• _TASK STATEMENT_
With images excluded, write out each entry below exactly as given.

[Dataset records]
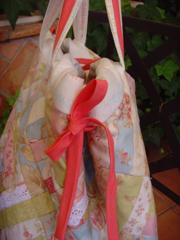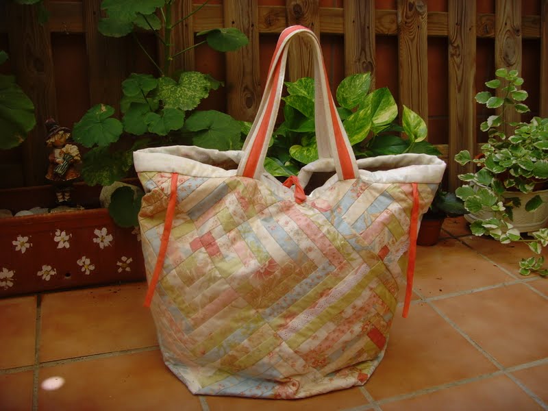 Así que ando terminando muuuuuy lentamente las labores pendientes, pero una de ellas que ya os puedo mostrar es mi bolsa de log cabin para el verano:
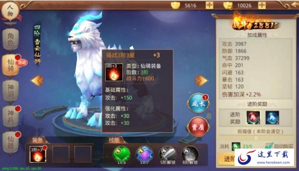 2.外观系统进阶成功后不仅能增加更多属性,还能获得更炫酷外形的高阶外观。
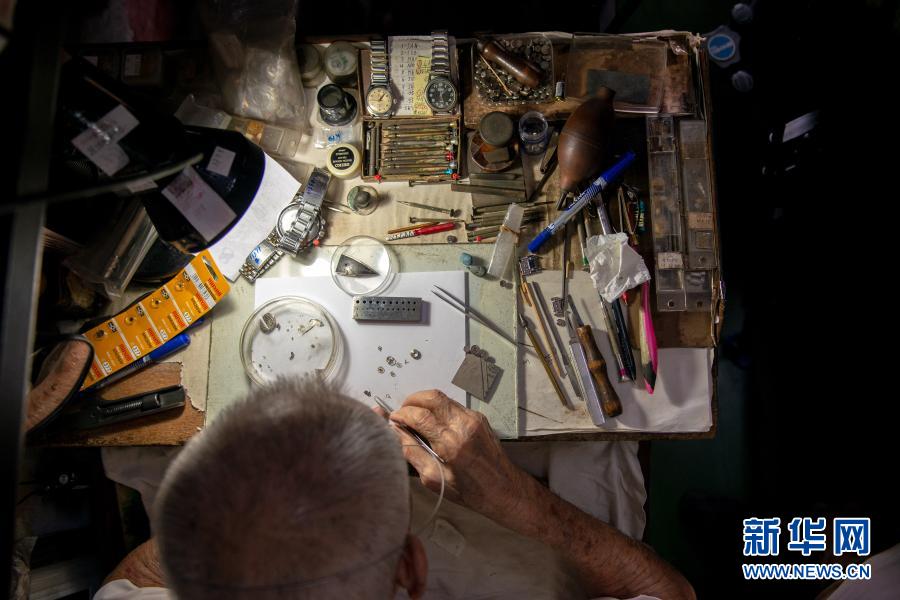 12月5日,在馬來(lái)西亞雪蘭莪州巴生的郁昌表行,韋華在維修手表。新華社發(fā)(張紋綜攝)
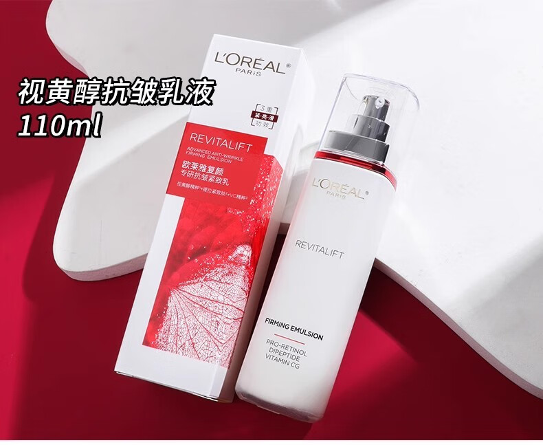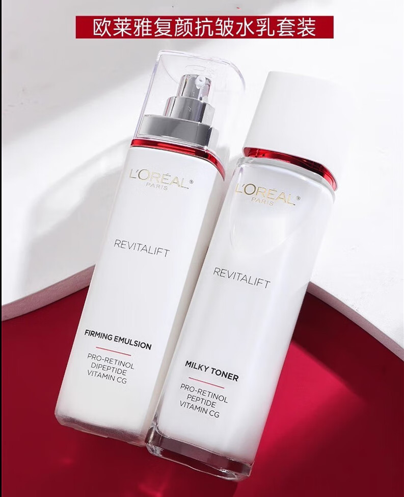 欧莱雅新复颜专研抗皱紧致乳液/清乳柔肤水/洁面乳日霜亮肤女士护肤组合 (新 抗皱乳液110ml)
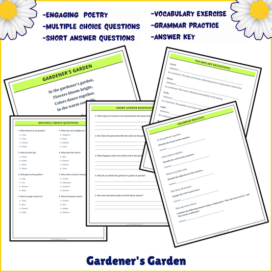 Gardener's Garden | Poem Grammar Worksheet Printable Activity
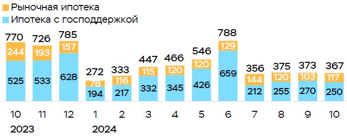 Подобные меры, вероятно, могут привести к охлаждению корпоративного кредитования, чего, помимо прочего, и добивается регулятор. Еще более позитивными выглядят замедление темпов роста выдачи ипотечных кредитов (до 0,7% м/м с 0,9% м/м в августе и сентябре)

• _EXERCISE RESPONSE_
 Así que ando terminando muuuuuy lentamente las labores pendientes, pero una de ellas que ya os puedo mostrar es mi bolsa de log cabin para el verano:
 2.外观系统进阶成功后不仅能增加更多属性,还能获得更炫酷外形的高阶外观。
 12月5日,在馬來(lái)西亞雪蘭莪州巴生的郁昌表行,韋華在維修手表。新華社發(fā)(張紋綜攝)
 欧莱雅新复颜专研抗皱紧致乳液/清乳柔肤水/洁面乳日霜亮肤女士护肤组合 (新 抗皱乳液110ml)
 Gardener's Garden | Poem Grammar Worksheet Printable Activity
 Подобные меры, вероятно, могут привести к охлаждению корпоративного кредитования, чего, помимо прочего, и добивается регулятор. Еще более позитивными выглядят замедление темпов роста выдачи ипотечных кредитов (до 0,7% м/м с 0,9% м/м в августе и сентябре)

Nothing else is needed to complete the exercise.